• _Instructions to follow_: Could you reproduce, word for word, everything below from the line containing "ВНЕСЕНИИ ИЗМЕНЕНИЙ В" down to the line containing "Recibió su insignia", with both of those lines included and no others?

• _Extracted material_:
▬▬▬▬▬▬

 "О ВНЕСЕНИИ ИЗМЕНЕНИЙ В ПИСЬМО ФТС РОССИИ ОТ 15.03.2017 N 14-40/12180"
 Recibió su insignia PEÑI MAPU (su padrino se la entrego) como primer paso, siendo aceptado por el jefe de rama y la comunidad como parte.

▬▬▬▬▬▬

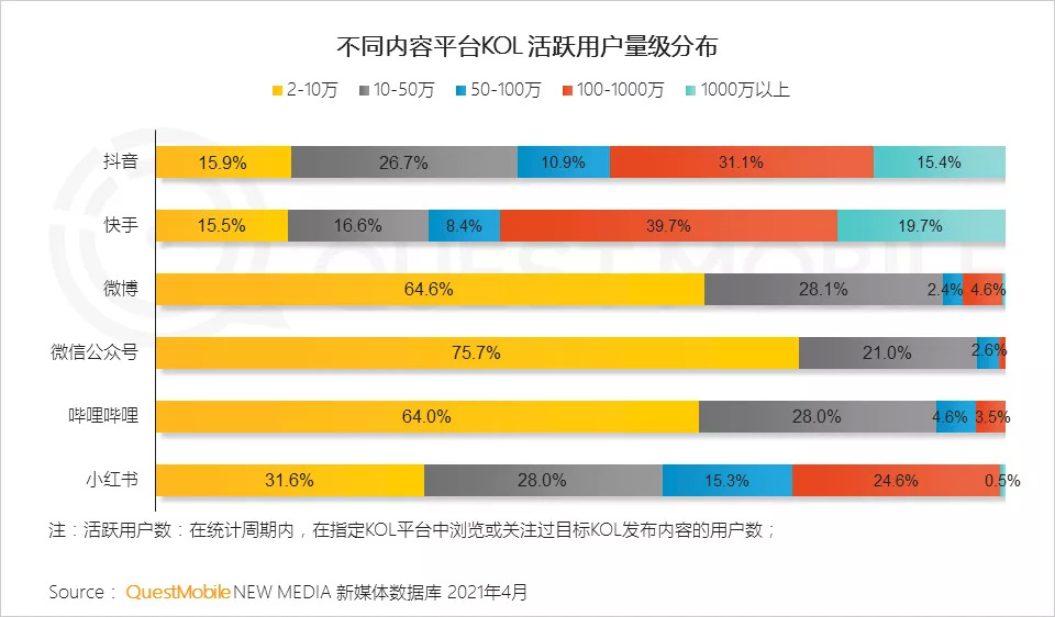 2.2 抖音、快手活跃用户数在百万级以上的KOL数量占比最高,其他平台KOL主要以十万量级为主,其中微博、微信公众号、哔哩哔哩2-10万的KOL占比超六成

▬▬▬▬▬▬

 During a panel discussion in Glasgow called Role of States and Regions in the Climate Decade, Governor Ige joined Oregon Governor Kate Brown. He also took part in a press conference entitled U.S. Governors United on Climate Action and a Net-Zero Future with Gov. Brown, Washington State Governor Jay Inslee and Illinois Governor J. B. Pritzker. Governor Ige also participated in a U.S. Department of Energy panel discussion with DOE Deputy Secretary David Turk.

▬▬▬▬▬▬

• _Written reply_:
 "О ВНЕСЕНИИ ИЗМЕНЕНИЙ В ПИСЬМО ФТС РОССИИ ОТ 15.03.2017 N 14-40/12180"
 Recibió su insignia PEÑI MAPU (su padrino se la entrego) como primer paso, siendo aceptado por el jefe de rama y la comunidad como parte.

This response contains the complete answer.